Walters claims that after he bought a $20 ticket, he "was readily admitted into the 2011 event by San Diego Pride personnel."
"He was dressed in leather gear consisting of boots, a black leather gladiator kilt, black underwear, and a black leather harness with chrome rings. His outfit ostensibly passed muster with the Pride personnel manning the admission gates, as Pride personnel ushered him into the event. His underwear and kilt completely covered his genitals, pubic hair, buttocks, perineum, anus or anal region as required by San Diego Municipal Code Section S6.S3(c). Mr. Walters had invested a significant sum of money in his leather gear and took special care to insure that he was compliant with the rules for the event," the complaint states.
Walters says that even though he was admitted into the festival, Lt. Nieslit told him that his leather gear was "borderline." While he was lining up for a drink, Walters claims, other officers approached him and forcibly escorted him outside. He claims Pride security knocked his camera phone out of his hand as he tried to record the incident.
After refusing to sign a citation, Walters was handcuffed, arrested and driven to jail, according to the complaint.
"At the jail Mr. Walters was placed in a single cell visible to all inmates being checked in. San Diego County sheriffs deputies encouraged the incoming inmates to ridicule Mr. Walters, who was wearing only his kilt and underwear, and the deputies joined in the verbal harassment. In going from the hot environment of an overheated car to the air conditioned jail, Mr. Walters was chilled. The deputies refused Mr. Walters any additional clothing or a blanket. However, upon his release from jail, Mr. Walters was ordered to change into clothing provided by the jail. Mr. Walters was released from the jail at approximately 2:15 am, Sunday, July 17, 2011, after posting $190 bond. He had been given nothing to eat or drink since his arrest, some twelve hours prior," according to the complaint.
Walters says that the city's policy, implemented by a police task force, violates his rights under the Equal Protection Clause of the Fourteenth Amendment.
"The City of San Diego's failure to curtail this selective enforcement and its subsequent ratification of Mr. Walters' arrest, only serves to guarantee that this custom and policy will continue unabated. It is the enforcement of this disparate and unequal policy that resulted in the unlawful arrest and incarceration of Mr. Walters," the complaint states.
Walters is represented by Christopher Morris with Aguirre, Morris & Silverson.
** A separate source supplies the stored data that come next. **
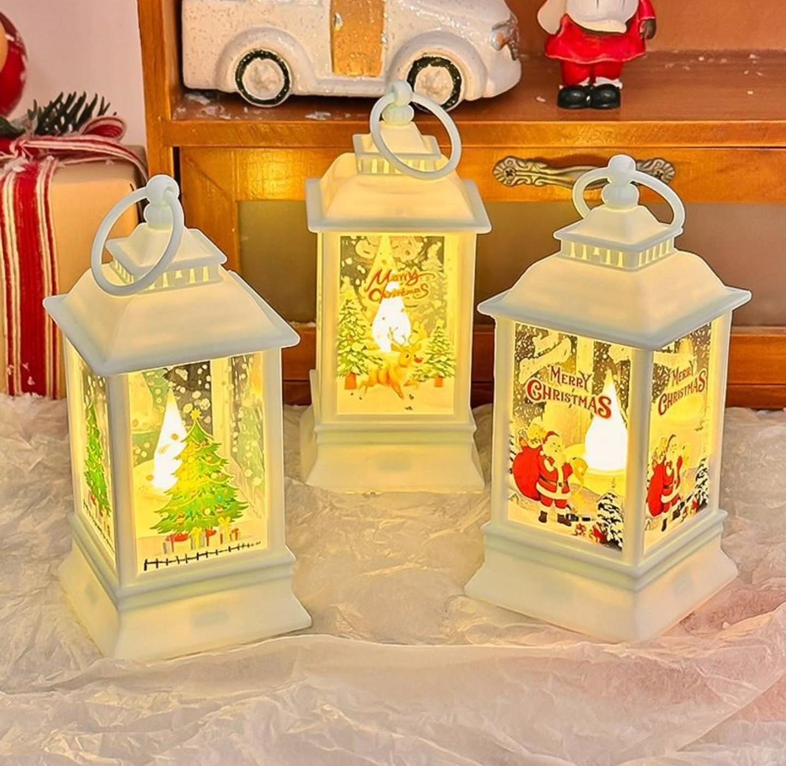 Capture the magic of the season with this delightful Santa Claus Christmas lantern, an exquisite piece of decorative lighting perfect for creating a festive atmosphere. Designed with a timeless vintage appeal, the compact lantern houses a beautifully detailed winter scene featuring Santa Claus, snowmen, and evergreen trees, illuminated by a warm, glowing LED light that simulates a cozy flame. The unit is conveniently battery-powered, allowing you to place it anywhere without the constraint of power outlets—on a mantelpiece, bookshelf, or as a centerpiece for your Merry Christmas decorations. With its portable 20 cm×8 cm size and a built-in hanging ring, it is ideal for adding a luminous, joyful accent to your home or hanging directly from the branches of your Christmas tree.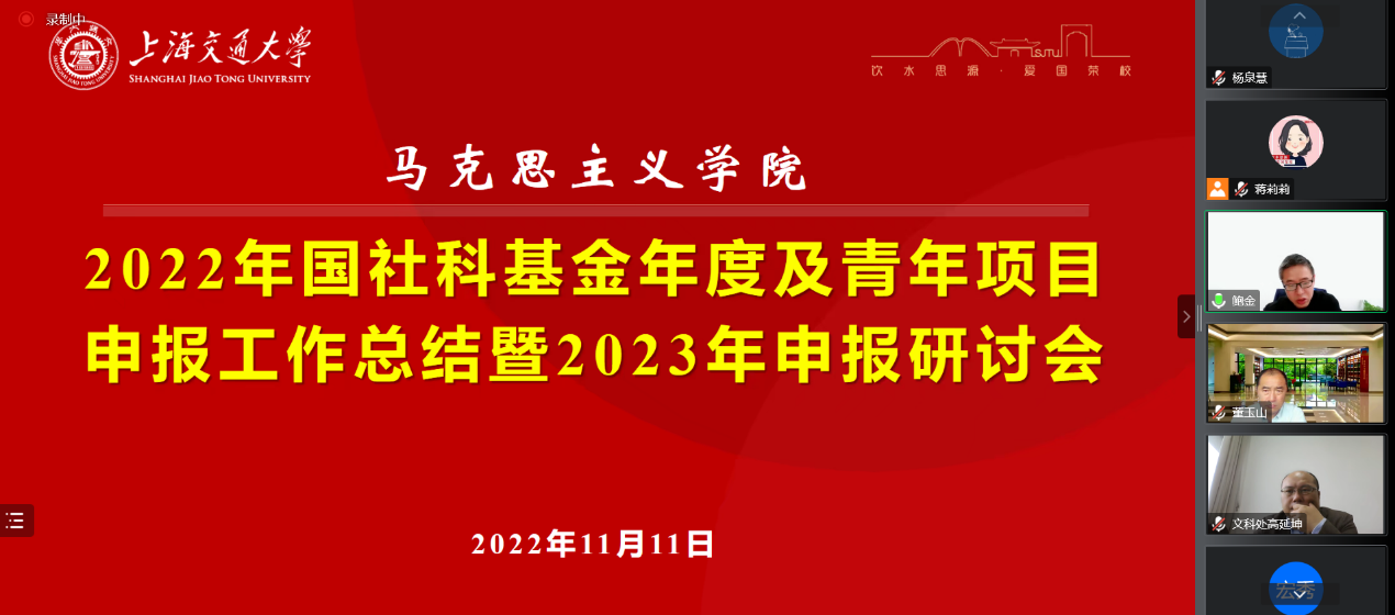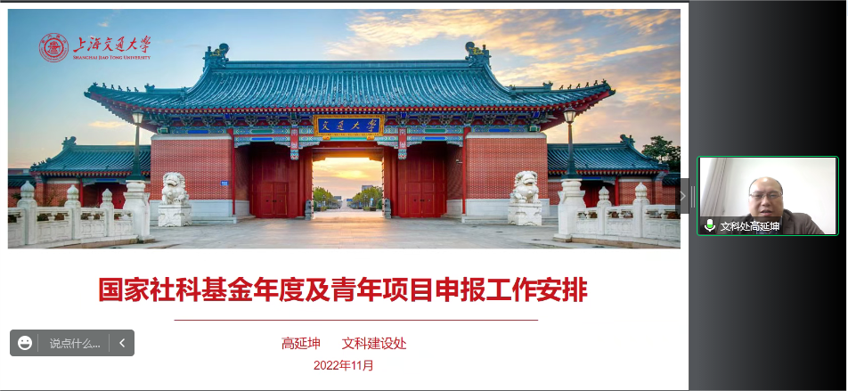 鲍金首先对学院2022年立项情况进行了总结。2022年学院获得国社科基金年度及青年项目9项,立项总数居学校文科院系并列第二,创历史佳绩。他指出,本年度申报工作得到了学校和文科处的大力支持,同时也离不开专家的指导帮助和申报老师的不懈努力。最后,鲍金介绍了学院2023年申报工作的重点举措和推进计划。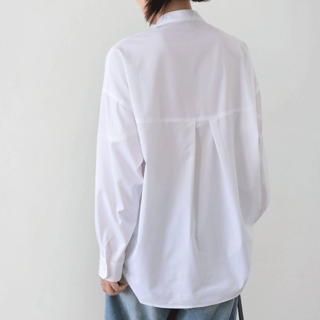 “ステッチを用いたアシンメトリーデザインが印象的な、長袖のスタンドカラーシャツ。シンプルなのにオリジナリティがあり、袖部分のダブルステッチもアクセントになっていてオシャレ!そのまま着るだけでなく、ベストやサロペットとレイヤードしても◎ゆったりとしたサイズ感が抜け感を演出してくれる1枚です。”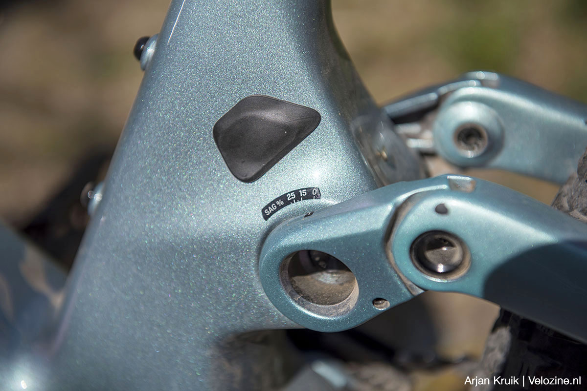 Ook slim is het wijzertje aan de buitenzijde van het frame op het hoofddraaipunt dat de negatieve veerweg oftewel de sag aangeeft. Dat werkt zeker zo goed als het klassieke O-ringetje rond de schacht van de zuiger. Het afstellen van luchtdruk is helaas wat minder praktisch dan bij een reguliere dempermontage; het ventiel is redelijk lastig bereikbaar. Dito voor de rebound; ook dit in de onderbuik van de bike verborgen stelhendeltje vraagt om lange en slanke vingers.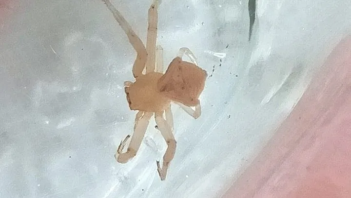 Muğla'nın Milas ilçesinde 6 yaşındaki minik Yankı'nın dikkatini çeken ve babası Erkan Erol tarafından koruma altına alınan Latince adı thomisus onustus olan ve insan yüzüne benzeyen görüntüsüyle görenleri hayrete düşüren köşeli yengeç örümceği bulundu.

He seeks an injunction and compensatory and punitive damages for violations of the Fourteenth and Fourth Amendments, false arrest, battery, negligence and violation of his civil rights under California's Civil Code.
The San Diego Police Department said it could not comment on ongoing litigation. Courthouse News sent San Diego Pride a copy of the 16-page complaint, but it did not immediately respond.